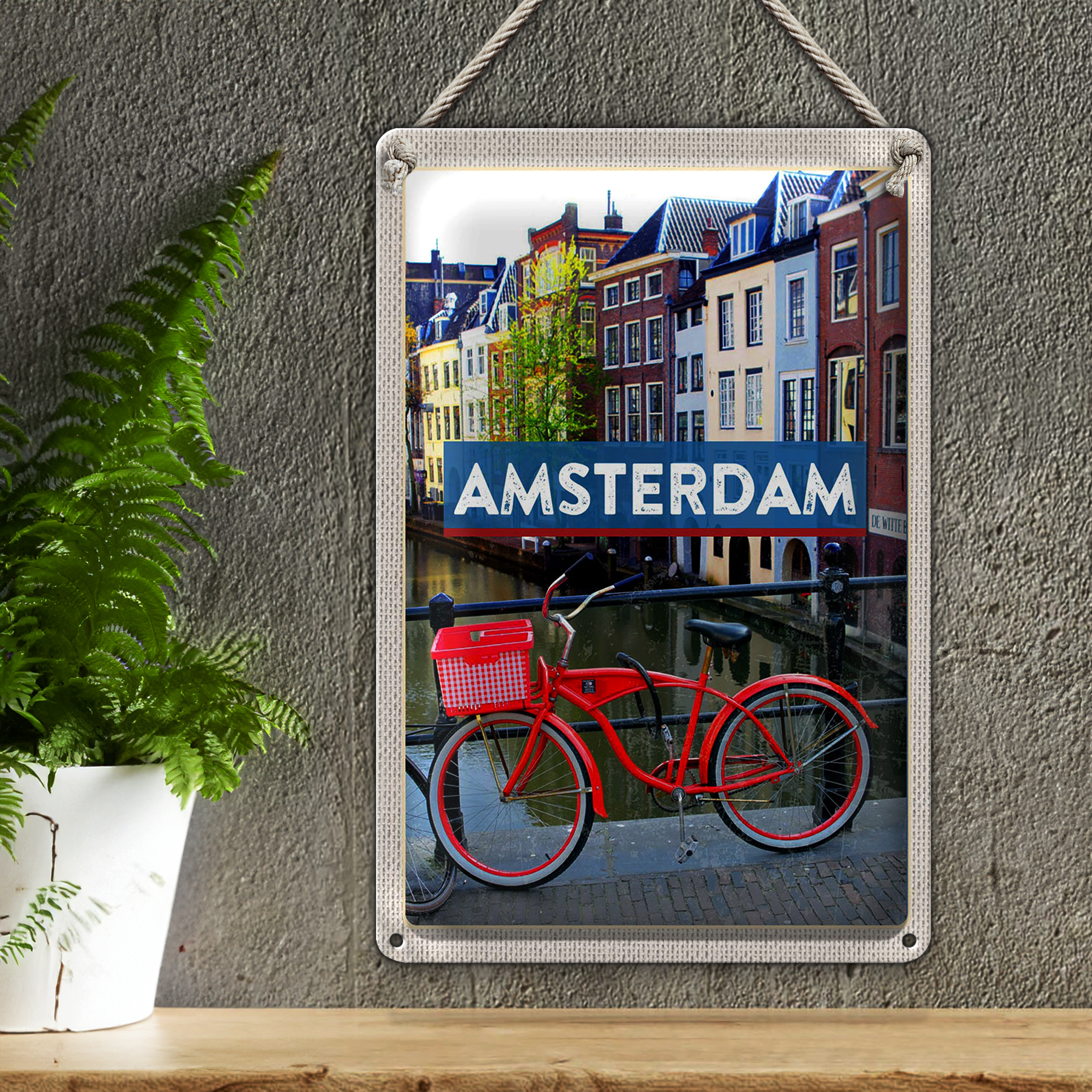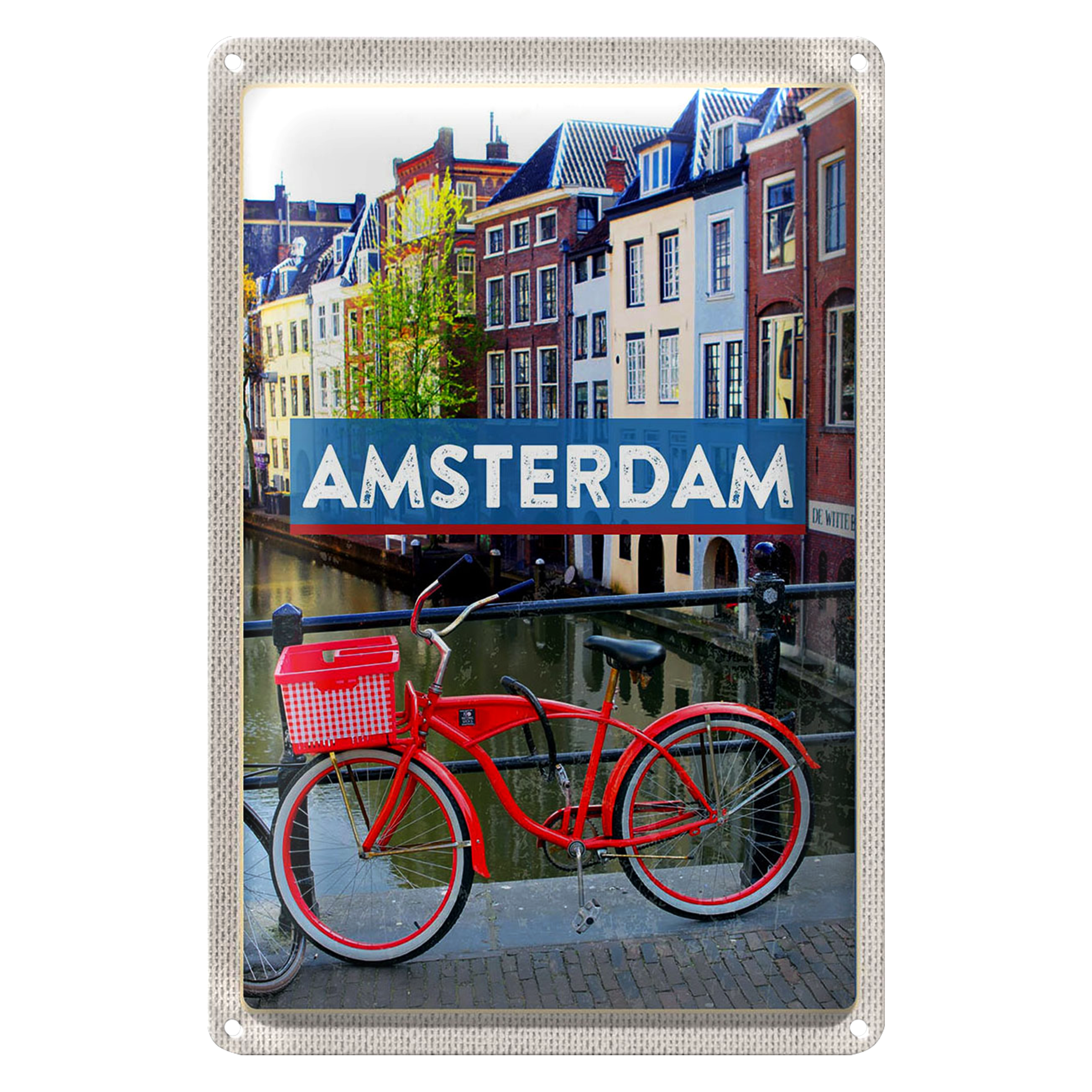 Blechschild Reise 20x30cm Amsterdam Reiseziel Fahrrad
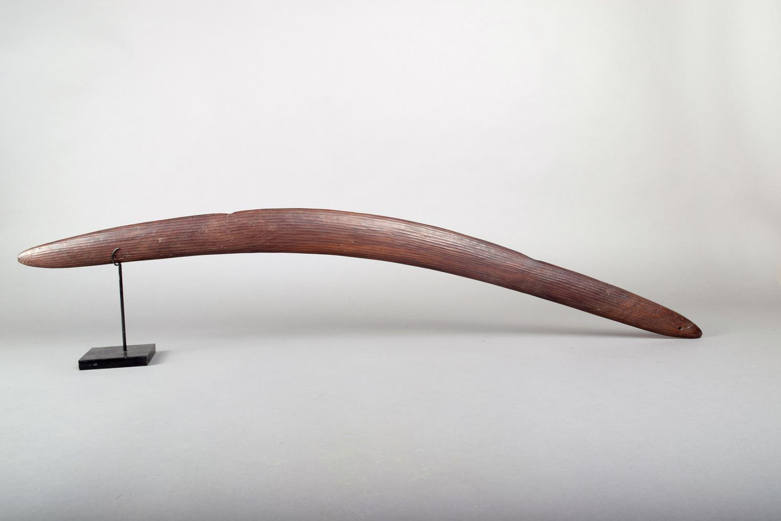 An Aboriginal boomerang, of slender curved form with incised linear decoration to the front with plain tips, the reverse with a textured finish, one end pierced, the reverse with inscribed inventory mark ST 001, 87cm long, with stand. (2)
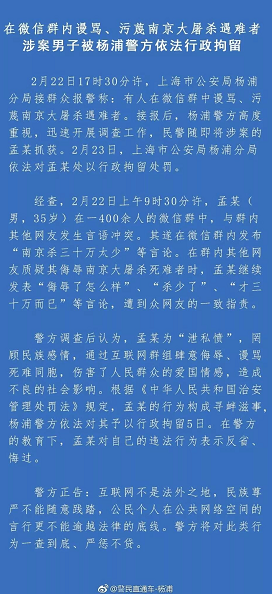2018 年2月23日,上海市公安局杨浦分局对在微信群谩骂、污蔑南京大屠杀遇难者的涉事男子孟某(35岁)处以行政拘留处罚。警方通报如下:
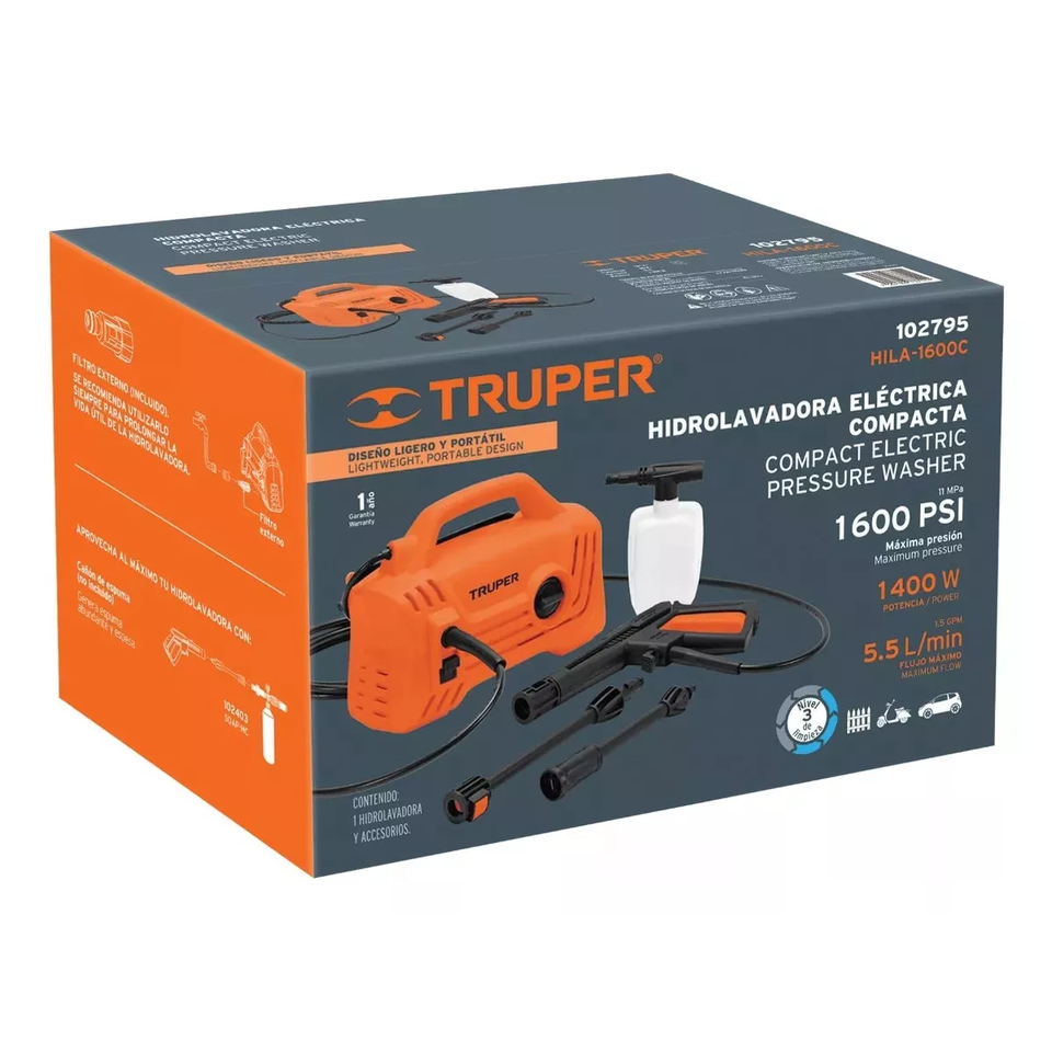Truper HILA-1600C Compact Electric Pressure Washer 1600psi High Pressure Cleaner

^^^^

* _EXERCISE AIM_
From the line containing "2018 年2月23日,上海" through the last line of the data above, write out every line word for word, and nothing else. Do not include the pictures.

* _FINISHED EXERCISE_
2018 年2月23日,上海市公安局杨浦分局对在微信群谩骂、污蔑南京大屠杀遇难者的涉事男子孟某(35岁)处以行政拘留处罚。警方通报如下:
Truper HILA-1600C Compact Electric Pressure Washer 1600psi High Pressure Cleaner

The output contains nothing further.